The Gap 2026 Q3 Earnings Net Income Falls 13.9% Despite Revenue Growth

Generated by AI AgentDaily EarningsReviewed byShunan Liu
Friday, Nov 21, 2025 6:20 am ET2min read
Aime RobotAime Summary

-

reported 3.0% revenue growth to $3.94B in Q3 2026, exceeding forecasts with Old Navy and Gap brands driving performance.

- Net income fell 13.9% to $236M amid margin pressures, while shares declined 5.06% weekly amid sector-wide market jitters.

- CEO Dickson highlighted 5% comp sales growth and 7.2% operating margin guidance, prioritizing brand repositioning and $150M cost savings reinvestment.

- Strategic shifts include 3% China sourcing reduction by 2025,

collaborations, and expansion into affordable beauty to boost Gen Z engagement.

The

(GAP) reported fiscal 2026 Q3 earnings on Nov 20, 2025, with revenue rising 3.0% year-over-year to $3.94 billion, surpassing expectations. The company raised full-year guidance for net sales growth and operating margins, signaling confidence in its strategic initiatives.

Revenue

The Gap’s revenue growth was driven by strong performances across its core brands. Old Navy Global led the charge with $2.25 billion in revenue, while

Global segment contributed $951 million. Banana Republic Global added $464 million, and Athleta Global generated $257 million. Smaller segments, including other initiatives, accounted for $17 million, rounding out the total of $3.94 billion.

Earnings/Net Income

The company’s net income declined to $236 million in 2026 Q3, a 13.9% drop from $274 million in 2025 Q3. Earnings per share (EPS) fell 13.7% to $0.63, reflecting higher operating expenses and margin pressures. The earnings decline underscores challenges in maintaining profitability despite revenue growth.

Price Action

The stock price of The Gap has shown mixed performance post-earnings. During the latest trading day, it edged down 2.62%, while the full trading week saw a 5.06% decline. Month-to-date, the stock has rebounded slightly, climbing 3.92%.

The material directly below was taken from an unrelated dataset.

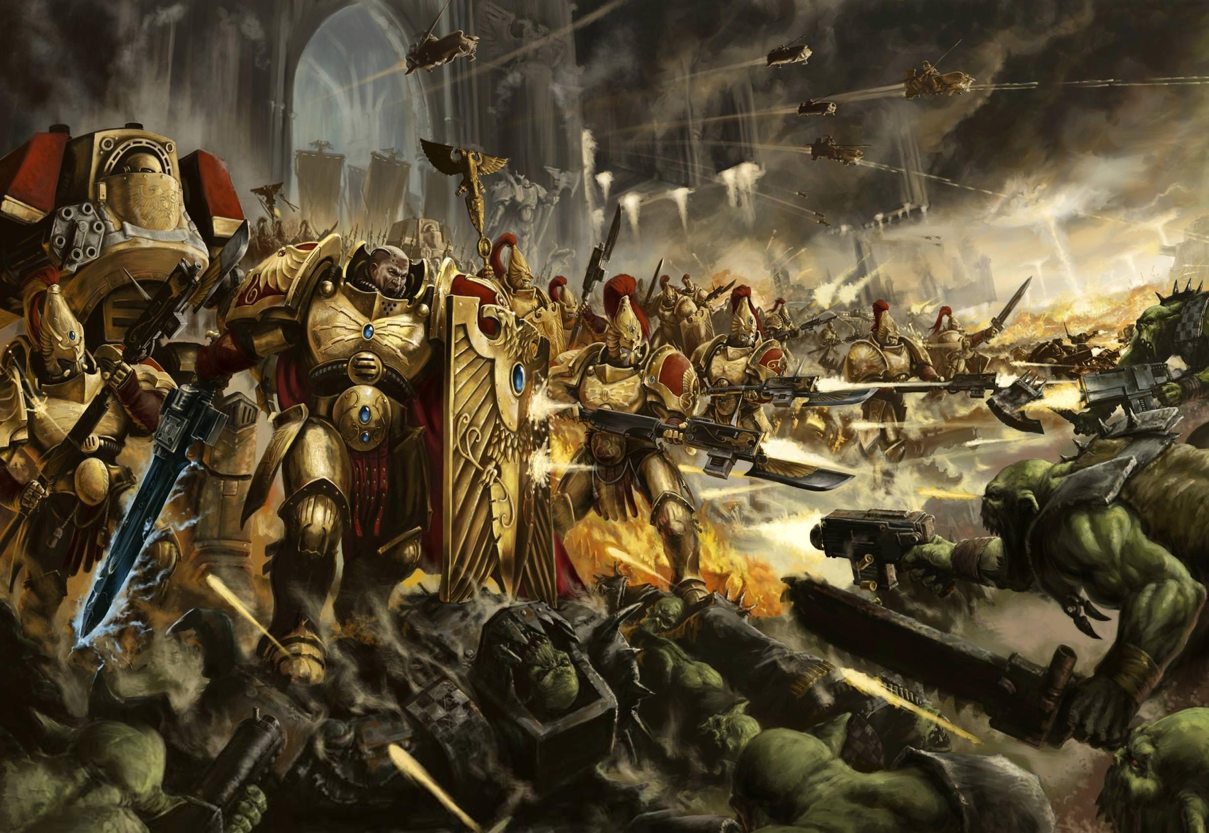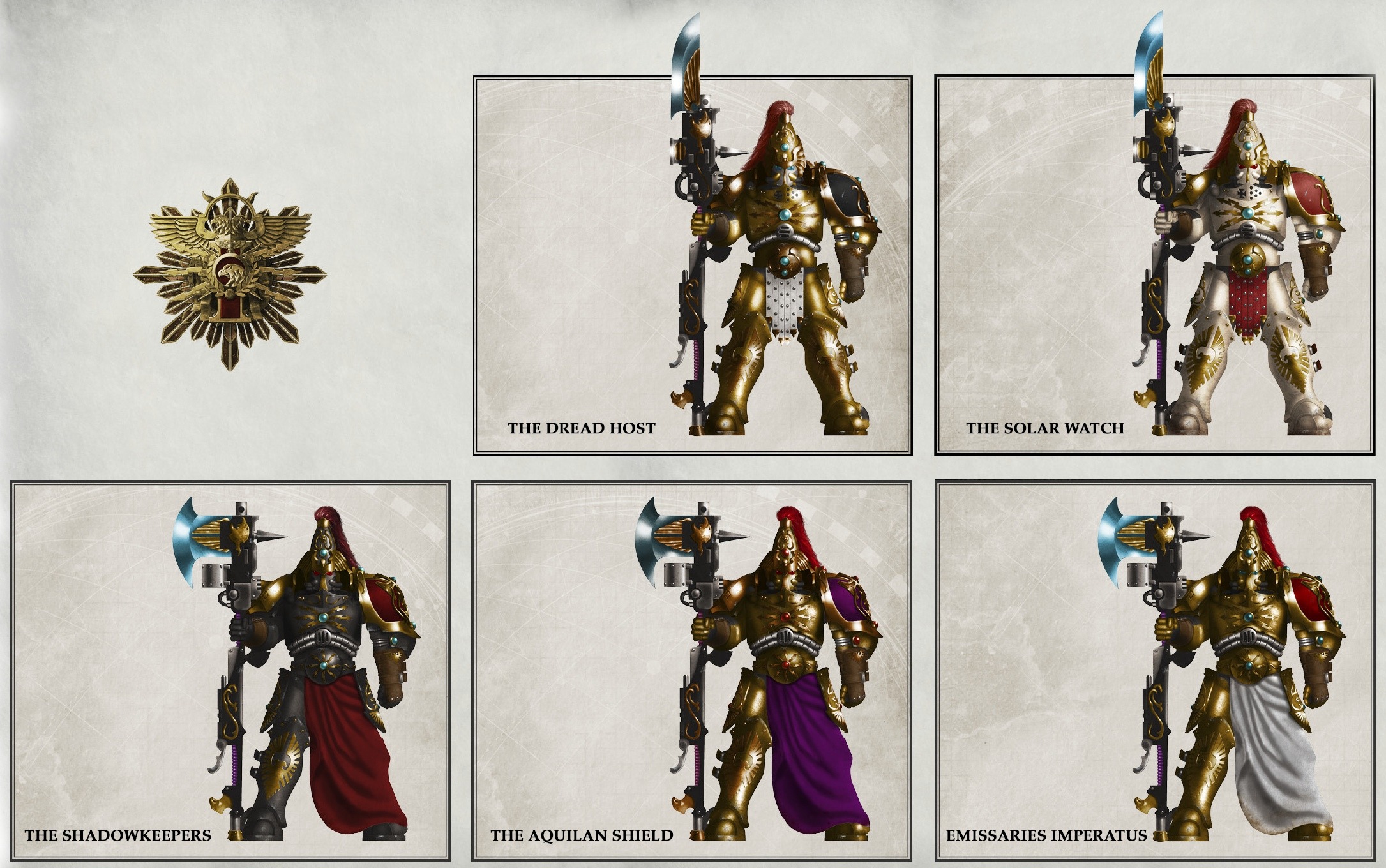Два остальных братства, что присутствуют на пикте, менее примечательны, но по-своему интересны. Аквилланские щиты призваны по воле Императора охранять имперских деятелей и важных персон. Будь то примарх Робаут Гиллиман, лорд-милитант, от которого зависит судьба Крестового Похода, или Инквизитор, они служат для того, чтобы защитить их ценой своей жизни. Эмиссары Императус же являются одними из немногих, кто ещё со времён Ереси внимают словам и просьбам Императора. Погружаясь в регулярные медитации, они слушают Его и истолковывают Его волю. Часто эти воины взаимодействуют и с другими братствами, но нередко и отправляются к звёздам, чтобы принести слово Императора генералу, капитану Астартес, или любому другому, на кого укажет воля Того, Кто на Терре.

Post-Earnings Price Action Review

Investor sentiment remained cautious following the earnings release, with the stock’s performance reflecting broader market uncertainties. The 5.06% weekly drop aligned with sector-wide declines in consumer discretionary and technology stocks amid skepticism about tech monetization and interest rate expectations. However, the 3.92% month-to-date gain suggests some resilience, particularly as the company’s guidance adjustments and strategic priorities—such as brand repositioning and supply chain optimization—garnered positive attention.

CEO Commentary

Richard Dickson highlighted Q3’s 5% comp sales growth, driven by Old Navy, Gap, and Banana Republic. Strategic priorities included maintaining an 8.5% operating margin and a $2.5 billion cash balance. Athleta’s 11% sales decline remains a focus area, with plans to reposition the brand. Leadership emphasized optimism about holiday sales and collaborations with Disney and Anna Sui to enhance cultural relevance.

Guidance

The company raised full-year 2025 net sales growth to the high end of its previous 1.7–2% range and expects an operating margin of 7.2%. Tariff impacts are estimated at 100–110 bps annually, with mitigation strategies including sourcing and pricing adjustments. Gross margin is projected to see 50–60 bps of underlying expansion, while SG&A will leverage slightly, with $150 million in cost savings reinvested in growth areas like beauty.

Additional News

Recent non-earnings developments include The Gap’s expansion into affordable beauty and personal care, set for a fall 2025 launch. Collaborations with Disney, Netflix’s Stranger Things, and Universal’s Wicked have bolstered brand relevance, particularly among Gen Z. The company also launched campaigns like “Feels Like Gap” and “Get Loose with Troye Sivan” to drive engagement. CEO Richard Dickson reiterated plans to reduce reliance on China, with sourcing from the country expected to fall below 3% by 2025.